> LISTED ENTRIES:
----------
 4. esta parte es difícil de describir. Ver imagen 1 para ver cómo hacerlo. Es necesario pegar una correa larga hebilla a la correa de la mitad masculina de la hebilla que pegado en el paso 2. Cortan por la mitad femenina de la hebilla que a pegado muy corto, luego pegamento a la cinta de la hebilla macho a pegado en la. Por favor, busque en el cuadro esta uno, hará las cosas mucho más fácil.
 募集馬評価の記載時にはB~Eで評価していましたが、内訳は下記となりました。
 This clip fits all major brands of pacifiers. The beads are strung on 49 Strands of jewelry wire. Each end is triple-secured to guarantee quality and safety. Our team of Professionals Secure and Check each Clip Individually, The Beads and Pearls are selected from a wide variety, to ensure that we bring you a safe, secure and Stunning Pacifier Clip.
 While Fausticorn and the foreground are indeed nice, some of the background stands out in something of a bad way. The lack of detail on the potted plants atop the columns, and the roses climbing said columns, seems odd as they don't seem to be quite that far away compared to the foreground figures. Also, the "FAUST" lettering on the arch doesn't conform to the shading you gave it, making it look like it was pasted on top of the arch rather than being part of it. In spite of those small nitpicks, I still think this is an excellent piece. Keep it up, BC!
----------
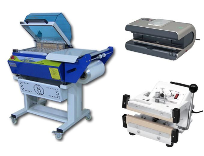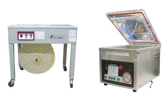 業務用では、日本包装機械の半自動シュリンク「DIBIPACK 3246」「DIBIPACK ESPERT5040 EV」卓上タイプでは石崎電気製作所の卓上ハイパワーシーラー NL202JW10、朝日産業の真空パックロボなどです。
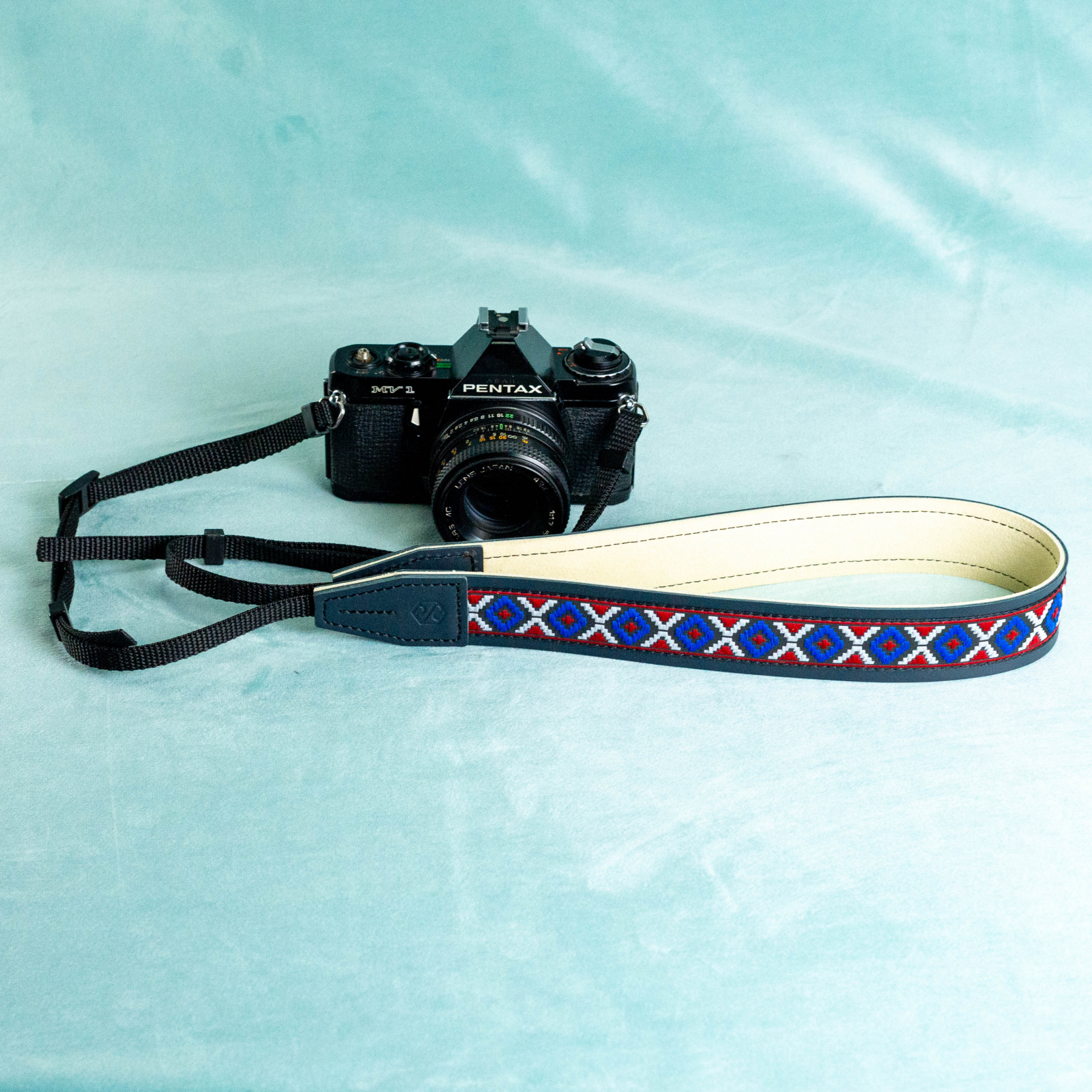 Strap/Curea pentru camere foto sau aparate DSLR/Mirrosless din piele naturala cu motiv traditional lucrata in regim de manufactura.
----------
> WHAT THE EXERCISE ASKS: In the records above, the line with "4. esta parte" marks the start and the line with "While Fausticorn and" marks the end; copy that stretch exactly, both lines included, and nothing else.

> TASK RESPONSE:
 4. esta parte es difícil de describir. Ver imagen 1 para ver cómo hacerlo. Es necesario pegar una correa larga hebilla a la correa de la mitad masculina de la hebilla que pegado en el paso 2. Cortan por la mitad femenina de la hebilla que a pegado muy corto, luego pegamento a la cinta de la hebilla macho a pegado en la. Por favor, busque en el cuadro esta uno, hará las cosas mucho más fácil.
 募集馬評価の記載時にはB~Eで評価していましたが、内訳は下記となりました。
 This clip fits all major brands of pacifiers. The beads are strung on 49 Strands of jewelry wire. Each end is triple-secured to guarantee quality and safety. Our team of Professionals Secure and Check each Clip Individually, The Beads and Pearls are selected from a wide variety, to ensure that we bring you a safe, secure and Stunning Pacifier Clip.
 While Fausticorn and the foreground are indeed nice, some of the background stands out in something of a bad way. The lack of detail on the potted plants atop the columns, and the roses climbing said columns, seems odd as they don't seem to be quite that far away compared to the foreground figures. Also, the "FAUST" lettering on the arch doesn't conform to the shading you gave it, making it look like it was pasted on top of the arch rather than being part of it. In spite of those small nitpicks, I still think this is an excellent piece. Keep it up, BC!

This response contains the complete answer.